Open up a command prompt and browse to the directory with ttf2ufm and execute the following commands:
> ttf2ufm -L iso-8859-1.map C:\WINDOWS\fonts\arial.ttf Arial > ttf2ufm -L iso-8859-1.map C:\WINDOWS\fonts\arialbd.ttf ArialBold > ttf2ufm -L iso-8859-1.map C:\WINDOWS\fonts\arialbi.ttf ArialBoldItalic > ttf2ufm -L iso-8859-1.map C:\WINDOWS\fonts\ariali.ttf ArialItalic
In the example above, I generate the files needed to use the Arial font, but you can of course change it to whatever you like. The procedure is the same.
You should now see a bunch of afm, ufm and t1a files at the same location as the ttf2ufm program. Copy all the afm and ufm files over to the dompdf fonts folder.
The next thing that needs to be done is to open the file dompdf_font_family_cache.dist inside the dompdf/lib/fonts folder. This file is used to tell the library, what files to use when rendering fonts. Add the following code just after array (:
'arial' => array ( 'normal' => DOMPDF_FONT_DIR . 'Arial', 'bold' => DOMPDF_FONT_DIR . 'ArialBold', 'italic' => DOMPDF_FONT_DIR . 'ArialItalic', 'bold_italic' => DOMPDF_FONT_DIR . 'ArialBoldItalic' ),
The last thing to do is to replace cpdf_adapter.cls.php and class.pdf.php with the ones from revision 191 of the dompdf project.
The result
After doing all of the above and changing the CSS to use the Arial font, the rendered PDF file looks much better! No more colliding letters and the width of the parent is respected.

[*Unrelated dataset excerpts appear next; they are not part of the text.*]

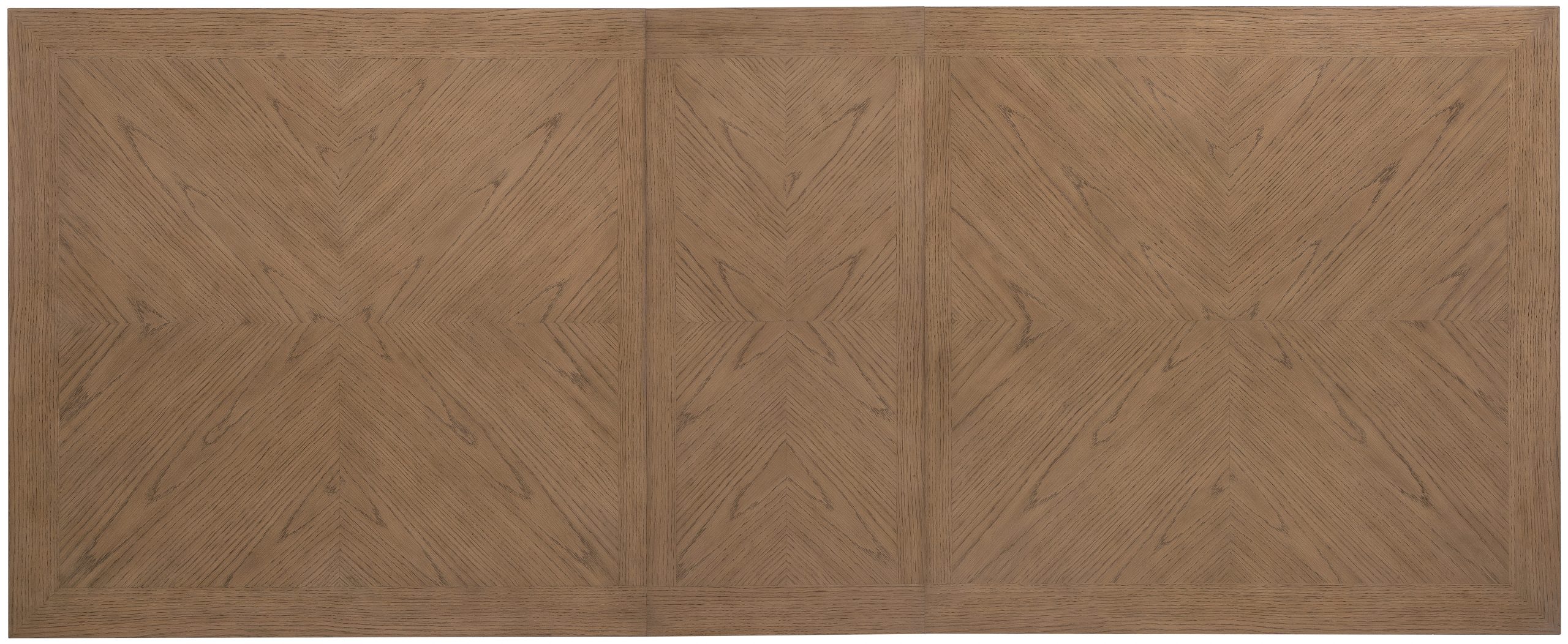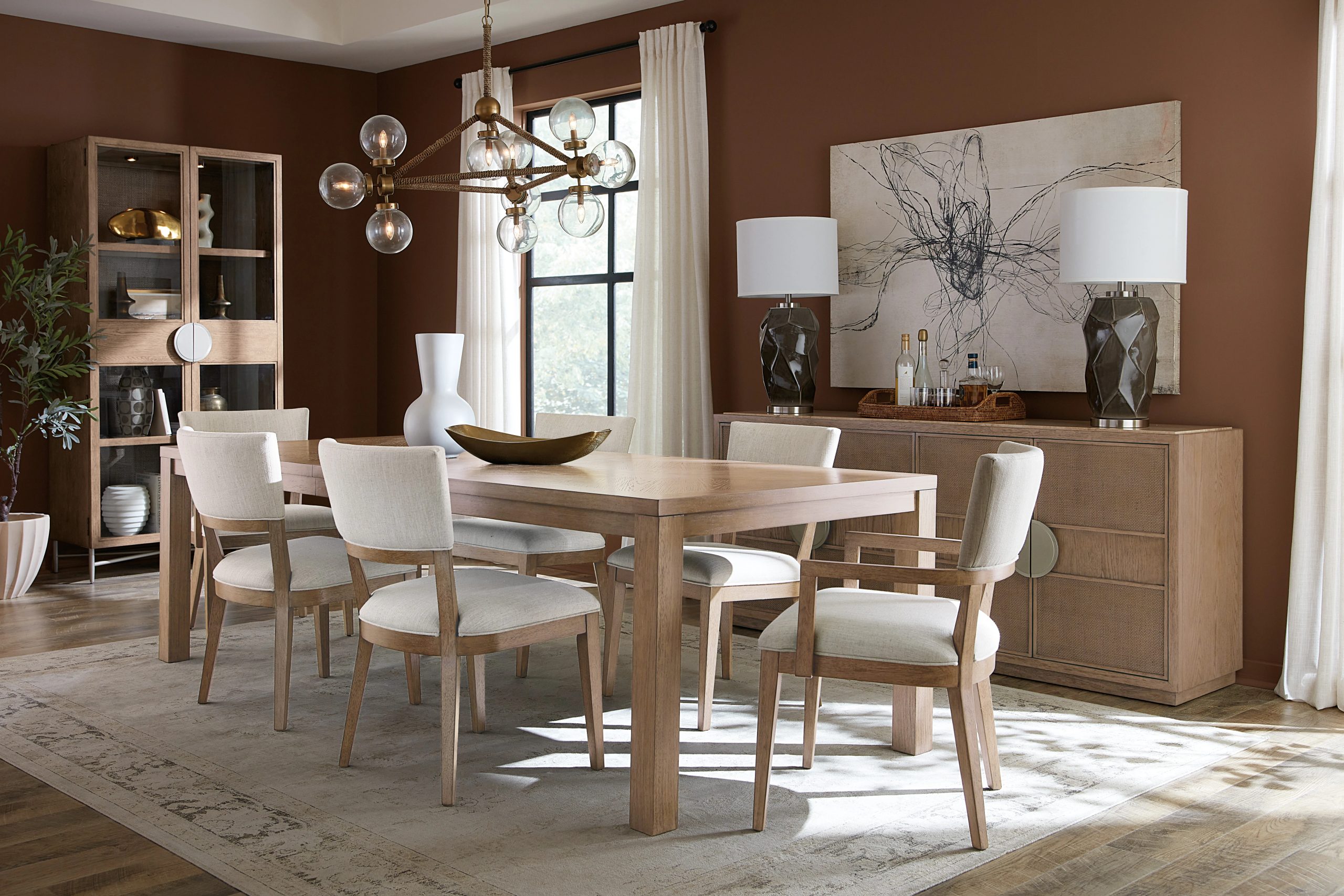 | One 18-inch leafLeaf extends table to 102-inches longRectangle shapeFinish: Wren: quartered and cathedral-cut white oak veneers in a light earthen-toned finish. Matching woven split cane door frontsDistressed Finished: Wire brushing | Yes |
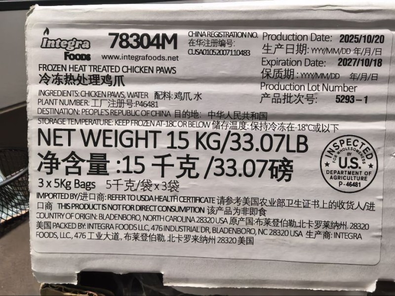 P46481蒸汽美国熟凤爪,平均35+克重,一手货源,供应稳定,每月10-20柜
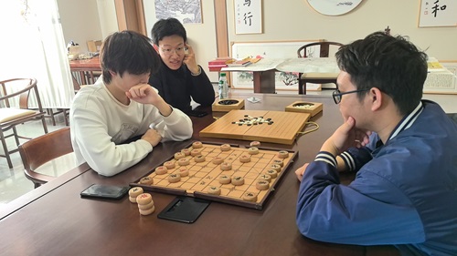 棋室里,圍棋與象棋實踐工作坊的學(xué)生們首先學(xué)習(xí)了“中炮開局”“屏風(fēng)馬”等象棋的布陣技巧,“順炮”“列炮”等常見棋局的應(yīng)對方法,同學(xué)們認真鉆研、熱烈討論,隨后進行分組切磋、大展棋技。

To make life easier for you, I have made a version of dompdf with all the changes ready for download here. This version should be able to render special characters, but remember to set the font to Arial in your CSS.
No related posts.
January 4th, 2010 - 12:15
Thanks for your post!:) I was looking for a dompdf version already prepared to be used with special Arial font characters and I’ve finally found it. I tried to generate my own Arial font as I read how to do that on other blogs, but I had no success.
So now I’m glad I found your post, but..
I think there’s a problem with Arial bold. When I open my dompdf generated pdf, Adobe Reader says “The font ‘ArialBold’ contains a bad /BBox” and bold text appears like normal.
Any idea why is this happening?
Thank you!
January 6th, 2010 - 09:47
I’m glad that you found something, you could use on my site! :)
Yeah, that’s right, there seems to be a problem with the bold font. I haven’t seen that before now, because I don’t get that error when opening the generated file in Preview for Mac. I’ll try to play around with the different parameters for ttf2ufm program and see if I can figure something out.
January 13th, 2010 - 16:56
Thank you Michael!
Would be great to hear from you again with the solution! :)
January 20th, 2010 - 09:25
HI
When I tried to use this version on DOMPDF
text was generated as Arial
However I dont know why the images are not getting shown on page?
it shows small red cross where image should be
But using earlier version i.e. dompdf-0.5.1 I could see images properly
Please help
January 23rd, 2010 - 12:16
Hi Rash,
That sounds like a really strange problem! I just tried to do a test with my modified library, but I was unable to reproduce the problem you’re talking about. I tried to add a simple PNG image, and it rendered without any problems. Maybe it could be a problem with your HTML? – You’re welcome to send me your script and I’ll take a look at it.